Crystal Ball Gazing into Fashion and Sustainability
While there is no denying the challenges brought about by COVID-19, the optimists amongst us believe that our current pandemic is an opportunity to globally stop and reassess how we live. As consumers, that includes how we approach what we buy, and in this week — Fashion Revolution Week, we turn our specific lens to long-term sustainability, by asking Creative Enterprise Australia Fashion Development Manager Thuy Nguyen to crystal-ball gaze into the future of her industry.

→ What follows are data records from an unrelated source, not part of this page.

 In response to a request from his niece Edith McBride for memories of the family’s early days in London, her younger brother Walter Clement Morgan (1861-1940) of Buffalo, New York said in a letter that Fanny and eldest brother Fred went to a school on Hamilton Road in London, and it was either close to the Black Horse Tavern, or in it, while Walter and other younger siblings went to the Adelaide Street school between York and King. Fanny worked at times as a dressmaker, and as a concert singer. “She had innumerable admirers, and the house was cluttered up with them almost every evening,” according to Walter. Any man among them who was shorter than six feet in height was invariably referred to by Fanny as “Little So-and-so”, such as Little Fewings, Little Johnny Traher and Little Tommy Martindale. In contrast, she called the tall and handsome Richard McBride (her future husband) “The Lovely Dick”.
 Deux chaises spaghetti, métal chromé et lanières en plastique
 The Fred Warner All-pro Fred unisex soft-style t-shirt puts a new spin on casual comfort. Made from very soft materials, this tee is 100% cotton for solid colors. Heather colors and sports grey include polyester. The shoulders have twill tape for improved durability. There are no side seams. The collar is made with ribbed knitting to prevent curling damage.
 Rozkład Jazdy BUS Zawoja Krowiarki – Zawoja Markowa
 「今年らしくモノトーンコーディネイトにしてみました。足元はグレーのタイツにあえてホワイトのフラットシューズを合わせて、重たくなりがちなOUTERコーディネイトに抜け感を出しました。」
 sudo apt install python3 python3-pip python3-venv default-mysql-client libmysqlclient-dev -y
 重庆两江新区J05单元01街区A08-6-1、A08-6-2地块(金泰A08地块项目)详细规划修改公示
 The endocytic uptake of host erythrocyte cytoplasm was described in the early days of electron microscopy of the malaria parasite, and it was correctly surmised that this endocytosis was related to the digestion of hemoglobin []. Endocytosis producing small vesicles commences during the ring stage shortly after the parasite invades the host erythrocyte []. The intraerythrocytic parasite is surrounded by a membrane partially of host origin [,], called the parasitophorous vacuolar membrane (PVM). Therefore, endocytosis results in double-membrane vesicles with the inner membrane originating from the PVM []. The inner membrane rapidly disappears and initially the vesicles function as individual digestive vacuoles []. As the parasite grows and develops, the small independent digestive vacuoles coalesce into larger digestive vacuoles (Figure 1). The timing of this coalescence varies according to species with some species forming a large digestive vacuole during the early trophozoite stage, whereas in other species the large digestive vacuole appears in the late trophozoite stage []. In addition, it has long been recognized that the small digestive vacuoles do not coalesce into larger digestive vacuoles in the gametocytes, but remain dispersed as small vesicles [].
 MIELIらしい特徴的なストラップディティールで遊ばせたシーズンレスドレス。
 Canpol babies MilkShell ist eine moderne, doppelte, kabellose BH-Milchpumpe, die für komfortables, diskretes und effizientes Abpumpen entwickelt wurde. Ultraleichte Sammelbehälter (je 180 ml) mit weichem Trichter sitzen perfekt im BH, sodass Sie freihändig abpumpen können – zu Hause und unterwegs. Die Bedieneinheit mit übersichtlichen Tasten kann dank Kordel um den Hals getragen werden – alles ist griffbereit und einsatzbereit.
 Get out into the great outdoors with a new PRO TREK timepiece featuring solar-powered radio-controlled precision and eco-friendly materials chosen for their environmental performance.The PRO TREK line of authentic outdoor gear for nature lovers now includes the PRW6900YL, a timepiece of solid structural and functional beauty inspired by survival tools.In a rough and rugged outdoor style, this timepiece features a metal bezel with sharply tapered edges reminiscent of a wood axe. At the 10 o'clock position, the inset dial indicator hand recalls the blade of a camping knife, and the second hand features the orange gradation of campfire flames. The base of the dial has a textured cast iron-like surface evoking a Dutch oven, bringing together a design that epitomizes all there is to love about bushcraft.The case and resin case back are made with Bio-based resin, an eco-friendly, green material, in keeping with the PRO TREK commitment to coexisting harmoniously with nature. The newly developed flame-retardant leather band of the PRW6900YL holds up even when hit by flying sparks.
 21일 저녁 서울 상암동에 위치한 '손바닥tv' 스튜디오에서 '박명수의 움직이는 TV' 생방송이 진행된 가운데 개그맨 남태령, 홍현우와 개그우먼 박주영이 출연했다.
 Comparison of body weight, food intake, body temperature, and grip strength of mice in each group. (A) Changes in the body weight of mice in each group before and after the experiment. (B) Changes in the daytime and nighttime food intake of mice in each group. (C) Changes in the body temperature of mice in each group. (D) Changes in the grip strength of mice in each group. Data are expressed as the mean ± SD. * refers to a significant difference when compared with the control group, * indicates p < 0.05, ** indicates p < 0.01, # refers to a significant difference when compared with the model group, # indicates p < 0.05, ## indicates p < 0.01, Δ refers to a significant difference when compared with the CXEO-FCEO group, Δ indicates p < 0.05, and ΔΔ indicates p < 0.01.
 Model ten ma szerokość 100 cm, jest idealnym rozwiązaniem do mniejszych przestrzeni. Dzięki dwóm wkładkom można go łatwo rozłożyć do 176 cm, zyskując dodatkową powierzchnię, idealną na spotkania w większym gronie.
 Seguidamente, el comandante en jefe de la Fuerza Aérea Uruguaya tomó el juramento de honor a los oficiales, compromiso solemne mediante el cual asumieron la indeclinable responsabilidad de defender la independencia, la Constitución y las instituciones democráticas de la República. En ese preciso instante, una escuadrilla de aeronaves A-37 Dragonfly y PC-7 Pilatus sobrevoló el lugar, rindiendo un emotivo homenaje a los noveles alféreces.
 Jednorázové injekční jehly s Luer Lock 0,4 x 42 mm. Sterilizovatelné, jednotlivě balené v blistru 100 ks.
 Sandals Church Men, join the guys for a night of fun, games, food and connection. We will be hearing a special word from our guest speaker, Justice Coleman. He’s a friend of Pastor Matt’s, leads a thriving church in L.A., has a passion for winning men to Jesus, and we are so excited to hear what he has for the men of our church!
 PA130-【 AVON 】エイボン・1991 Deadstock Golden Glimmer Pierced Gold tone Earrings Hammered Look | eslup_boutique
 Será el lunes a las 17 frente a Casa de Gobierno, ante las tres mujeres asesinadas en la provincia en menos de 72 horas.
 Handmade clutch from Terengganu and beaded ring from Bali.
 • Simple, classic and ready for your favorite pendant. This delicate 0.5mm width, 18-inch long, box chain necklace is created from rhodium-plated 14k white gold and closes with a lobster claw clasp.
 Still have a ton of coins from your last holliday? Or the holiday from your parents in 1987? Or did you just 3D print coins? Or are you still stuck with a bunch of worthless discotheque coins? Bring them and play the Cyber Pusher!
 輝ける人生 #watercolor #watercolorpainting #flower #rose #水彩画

Will the COVID-19 era change the way we look at fashion?
Whether on an unconscious small scale or a complete mind shift, the current pandemic will highly likely influence our fashion purchasing decisions no doubt.
The fashion industry’s impact on the environment and ethical debates has been one of the most controversial particularly over the past five years. This has prompted many large global companies to re-evaluate their business models and supply chains to integrate necessary changes in order to at least reduce criticisms and mitigate risks of unwanted exposure, if not from a conscience driven position.
The COVID-19 situation has really provided people the opportunity to focus and give more thought to our planet earth and the general disregard we bestow through our habit for convenience, thirst for capitalism and one that is specific to fashion, vanity and the fundamental need for a social standing through the consumption of one wear and throw-away culture.
How will things change?
It’s likely fashion brands will look into balancing their supply chains with local options where possible, alongside overseas transparent ethical manufacturing and average the financial costs and benefits. The end price will most likely be higher, however, with a united customer mindset focussed on the greater good, we will slowly reverse our negative environmental and unethical human impact.
What is the greatest revolution you would like to see happen in the fashion industry?
I have always possessed a desire for consolidation of specialised manufacturing and balance in the fashion cycle, where maintaining integrity is everyone’s role.
This means that fashion brand owners accept the true cost of making a product, manufacturers provide workers with realistic living wages and safe working conditions and end consumers acknowledge that in order for fashion brands to stay financially sustainable whilst meeting environmental and ethical requirements, they will need to generate some profit from the retail selling price. It will require a collective mental shift.
From a local perspective, I am continually advocating for an in-country, self-sufficient industry where there are pockets of local ethical manufacturing, each specialising in different types of textile, clothing and footwear production aided by government incentives.
What do we need to inspire such a shift?
I’d like to see training programs being implemented within these manufacturing walls to skill or upskill workers. Cost pricing will be transparent and imposed fairly to all who seek the services. This will challenge brands to differentiate themselves through creative competition rather than price point.
There is no better time than the present to restore this forgotten system, to embrace and refine or develop skills, to create a ‘village’ of artisanal experts and to redefine Australians as executors of their own innovations and further grow the local fashion economy.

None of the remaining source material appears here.